Das Weiße Haus zieht in dieser Frage mit Israel am gleichen Strick. „Wir lehnen das Iran-Abkommen so vehement ab, weil es Iran den Weg zum Nuklear-Arsenal öffnet“, erklärte Netanjahu, der am Sonntag in Tel Aviv mit US-Außenminister Mike Pompeo beriet.

Pompeo stärkte dem israelischen Regierungschef den Rücken. „Unsere Sorge gilt der gefährlichen Eskalation durch den Iran und Bedrohungen gegen Israel und die Region“, versicherte er ihm.

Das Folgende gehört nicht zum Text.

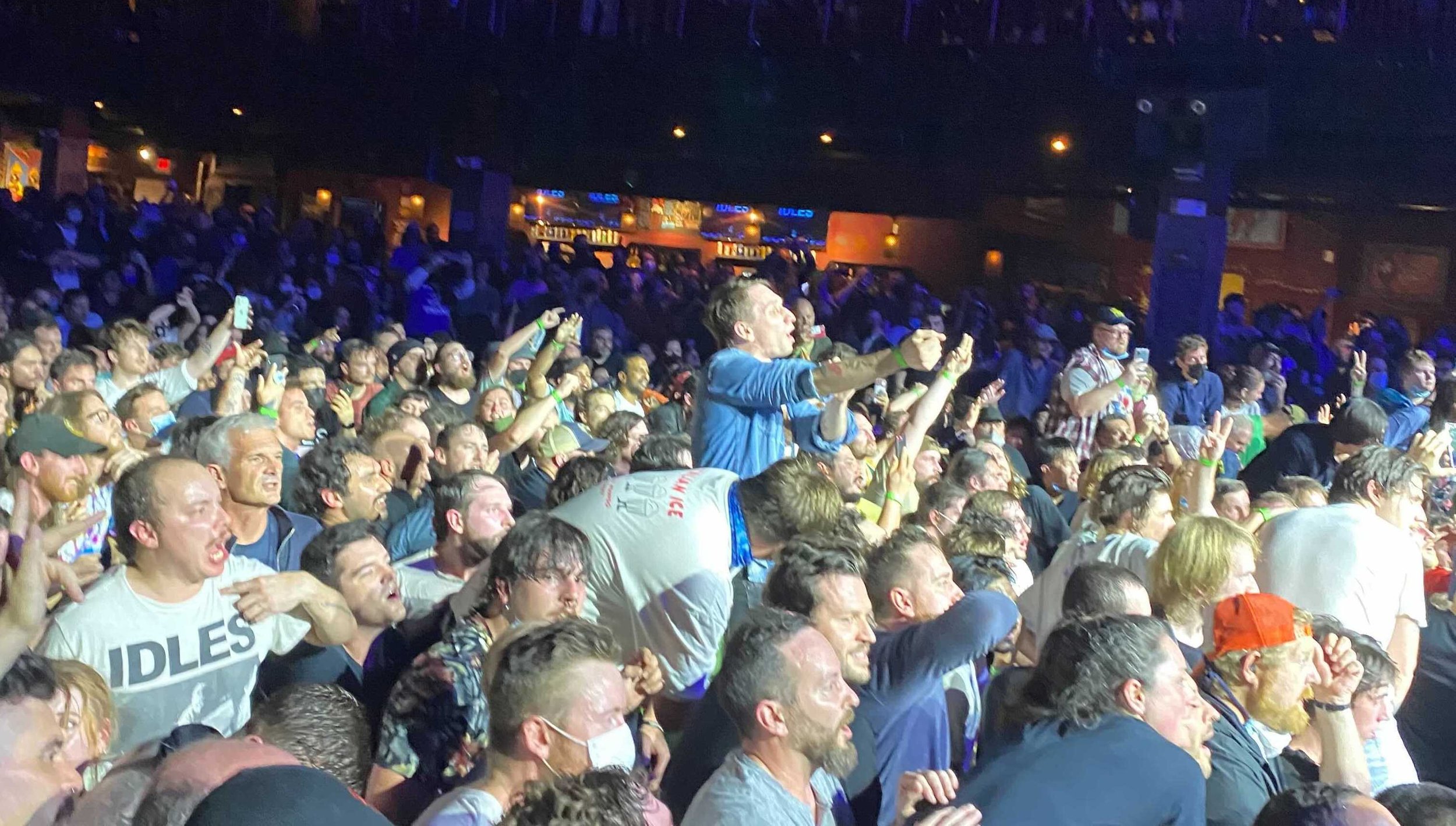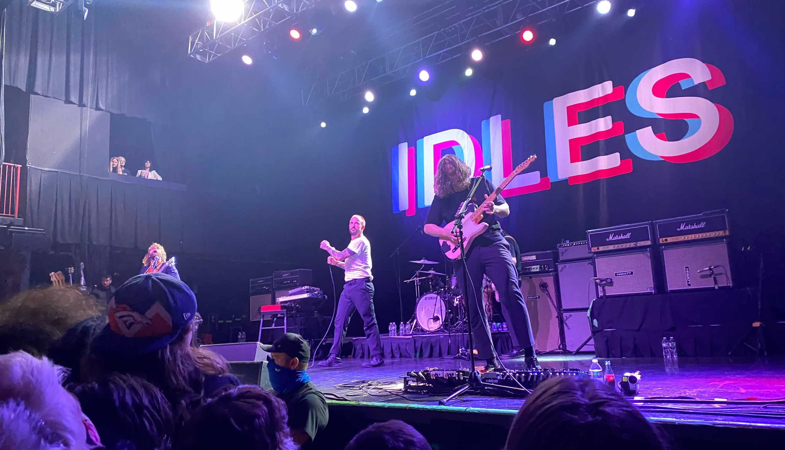 Now, there’s something important to mention before this next section. I am not a dancer. I do not mosh. I’ve never crowdsurfed, and you wouldn’t catch me dead in a circle pit. And in a crowd of decently-drunk 30-year-olds, I felt like a human pinball when people started moving. Additionally, I had pulled a muscle in my neck a handful of hours before the show, so my one reliable dance move —move your head in time with the drummer and shift from side to side— was totally off the table. It didn’t present a significant issue during Gustaf’s set, because no one was moshing to a song like “Liquid Frown”, but I knew in my heart of hearts that when IDLES got going, I was in for it. So when Gustaf left the stage, and their vice-grip on the crowd’s hearts and minds loosened, I took a moment to gauge where I stood in relation to the people around me.

Nach Ansicht von Amos Harel, militärischer Analyst der Tageszeitung Haaretz, könnte es sogar noch vor dem 12. Mai zu einer Eskalation des Konflikts kommen. „Die Woche hat gerade erst angefangen“, schrieb Harel am Montag.

Waffenlager aufgestockt

Eine direkte Konfrontation würde umgehend auch die libanesischen Hisbollah-Schiiten einbeziehen, die vom Iran finanziert werden. Seit dem letzten Krieg vor zwölf Jahren hat die Hisbollah ihr Waffenlager auf über 100.000 modernste Raketen aufgestockt.

Damit könnte die schiitische Terrororganisation jeden Punkt in Israel erreichen. „Auch die israelische Armee ist seither stärker geworden“, meint Militärexperte Shay. Dennoch werde der nächste Krieg an Israels Nordgrenze „sehr großen Schaden mit sich bringen“.